The Med-ic eCap uses radio-frequency identification (RFID) technology to track the use of medication without any input from the patient, according to IMC. It consists of an RFID sensor that is embedded in the bottle closure and records when the bottle is opened and closed. The usage data is read using a scanner - IMC's CertiScan - for review by the physician, researcher or pharmacist.
The system is designed to provide early warning that a patient is not complying with their medication, either by skipping doses or taking too many, and can be programmed to remind patients to take their doses using beeps or a light signal.
Non-compliance is a serious medical issue that causes 125,000 deaths in the US every year and up to 20 per cent of all hospital and nursing home admissions, according to market research company Cutting Edge Information. It also estimates that 40 per cent of all patients receiving outpatient therapy will experience a treatment failure or new medical problem as a result of improper use.

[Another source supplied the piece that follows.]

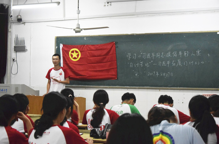 本期培训班紧扣学习习近平新时代中国特色社会主义思想,组织了《学习习近平总书记在纪念五四运动100周年大会上重要讲话精神》《学生干部要带头培育和践行社会主义核心价值观》《信仰之光点亮青春之路》《用好新媒体,做网络文明传播者》《共青团改革背景下的高校学生社团建设与管理》《中国道路的内在逻辑》6场辅导报告。在开展的学习《“习近平同志提倡年轻人要‘自找苦吃’”——习近平在厦门(十三)》主题研讨会中,同学们围绕“自找苦吃”这个中心话题,各抒己见,畅所欲言,并纷纷表示要以饱满的热情满负荷的投入到新学年的学习工作中去。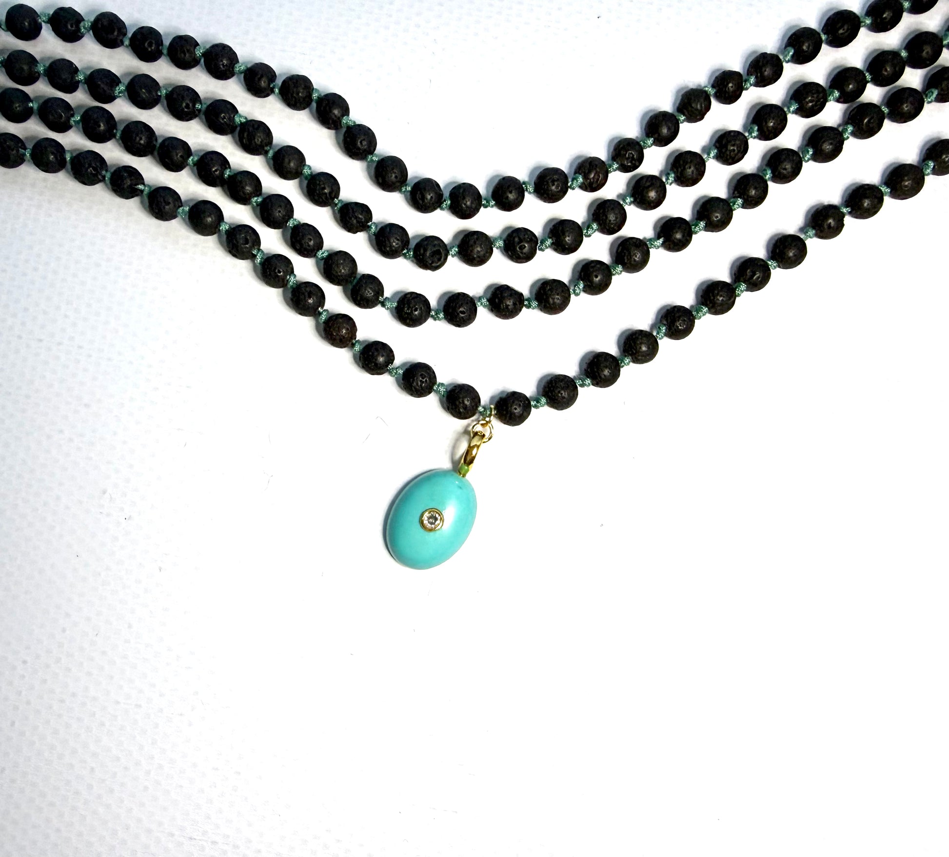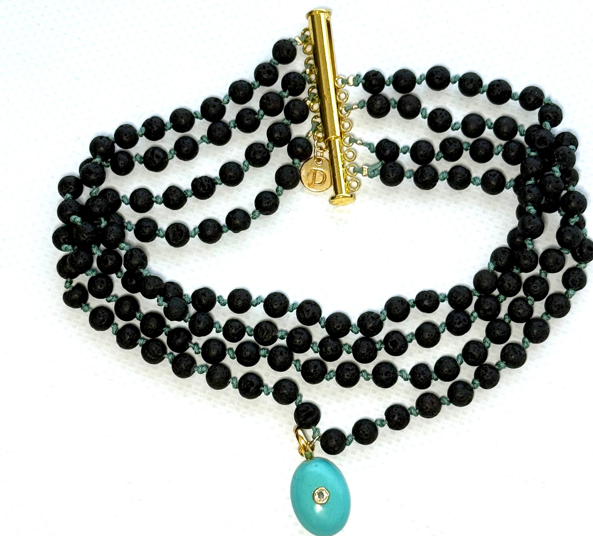This multi-strand beaded necklace is composed of matte black stone beads, gathered and structured with a gold-toned bar element and finished with a turquoise pendant accented by a single clear stone. Designed and assembled by House of Doa, the piece balances contrast and movement — dark, textured strands offset by a luminous focal drop. Subtle variations in stone texture and knotting are inherent, giving each necklace its own rhythm and character.

In one example, a study conducted by GlaxoSmithKline found that 50 per cent of patients stop taking antidepressants after the first three months of treatment, compromising the efficacy of the treatment. To address the problem, companies invest heavily in disease management programmes to engage and educate patients to avoid compromising the perceived value of their products.
Technological innovations are just one way that the compliance issue can be tackled, and RFID is emerging as a front-runner as it does not rely on patient motivation and can be used in a number of different applications.
For example, aside from tracking compliance, the technology can also be used to record the environmental conditions (e.g. temperature, light, moisture) to which a package has been exposed and warn if its activity may be compromised.
And RFID is also being held up as an ideal way of securing the pharmaceutical supply chain, avoiding counterfeiting and diversion of products. A supply chain version for drug manufacturers and pharmacies, to be marketed as eCAP/Secure, is available for pilot testing and will be released later this year.
IMC, which designed the eCap in collaboration with Remind Cap International, has also developed and markets a version of the RFID technology that works with blister packaged drugs under the Med-ic banner.